Macfadyen and other event organizers were pleasantly surprised with the large turnout. “People are interested in doing this?” asked Megan Barker, a Science Teaching and Learning Post-Doctoral Fellow with the Carl Wieman Science Education Initiative and data presenter at the hackathon. “We had no idea. We thought maybe a couple of people would find this interesting. Then all of the sudden our registration was full and we had people on the waitlist.”
The event began with five researchers from across UBC pitching learning data sets to participants. Each data set captured a different aspect of learning, for example, student interactions with video content and moment-by-moment actions in a virtual physics lab. Data presenters then challenged participants to find the story behind the data.
The hackathon attracted undergraduate and graduate students as well as faculty, staff and professionals. Participants formed groups depending on which of the five data sets they chose to work on as well as their disciplinary area of expertise and preferred analytics approach. “We wanted to bring together people who were interested in working with data. If they didn’t have the same background it’d be even better. They could learn from each other,” said Macfadyen.
Tyler Robb-Smith is a student at the British Columbia Institute of Technology and has a background in Nanohydrodynamics. He came to the event to meet people and build on his data analysis skills. “It’s interesting looking at different perspectives. It’s interesting how everyone has an area of expertise, and added together it made [the process] quite easy,” he said. “You are able to go a lot further in a project that individually would take you a lot longer.”
The event was an opportunity for like-minded people to meet and share their passion for data analysis as well as learn about LAVA. The group started with Macfadyen and a few students who were interested in working with learning research data, but it quickly grew.

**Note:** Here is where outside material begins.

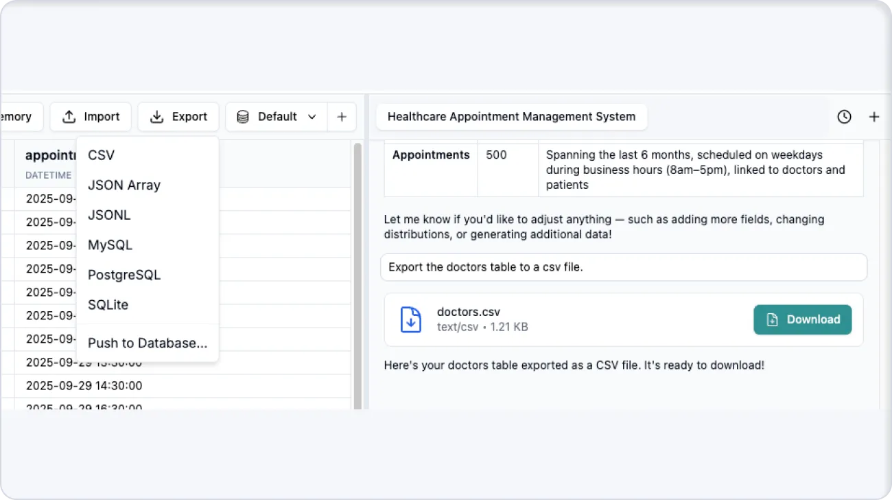 Export your dataset as CSV, JSON, or SQL — ready to drop into your pipeline, test suite, or training workflow. 1,000 rows in under 2 seconds.

It wasn’t long before other faculty and staff started asking to join the weekly meetings.
“A lot of people didn’t know then and still don’t know that this type of research actually exists at UBC. Learning analytics is a new field,” said Macfadyen. According to her, the university already has a lot of learning and teaching data available, for example, from student registration systems and course evaluation systems. “These goldmines of potential insight are just sitting around and they could and should be used to inform decisions about planning throughout departments,” she added.
That’s why the event was also aimed at raising the profile and visibility of this emerging field and showing what can come out of this type of analysis. Learning research data can tell instructors about what the most effective teaching methods are and how they’re working in their classrooms. It can inform departments about why certain classes are more popular than others. It can help instructors plan for courses.
“We really wanted to raise awareness about how data can be used to improve teaching and learning practices,” said Ido Roll, senior manager for Research and Evaluation in the Centre for Teaching, Learning, and Technology and one of the event’s organizers. “The hackathon was a great way to combine interesting questions about how people learn, large data sets and a group of eager and motivated experts.”
This year’s event was a success. At the end of the hackathon nine participant-led groups presented their research findings. Several of these projects have become full-scale research projects following the event. According to Roll and Macfadyen, the most common question from participants was how soon would there be another hackathon.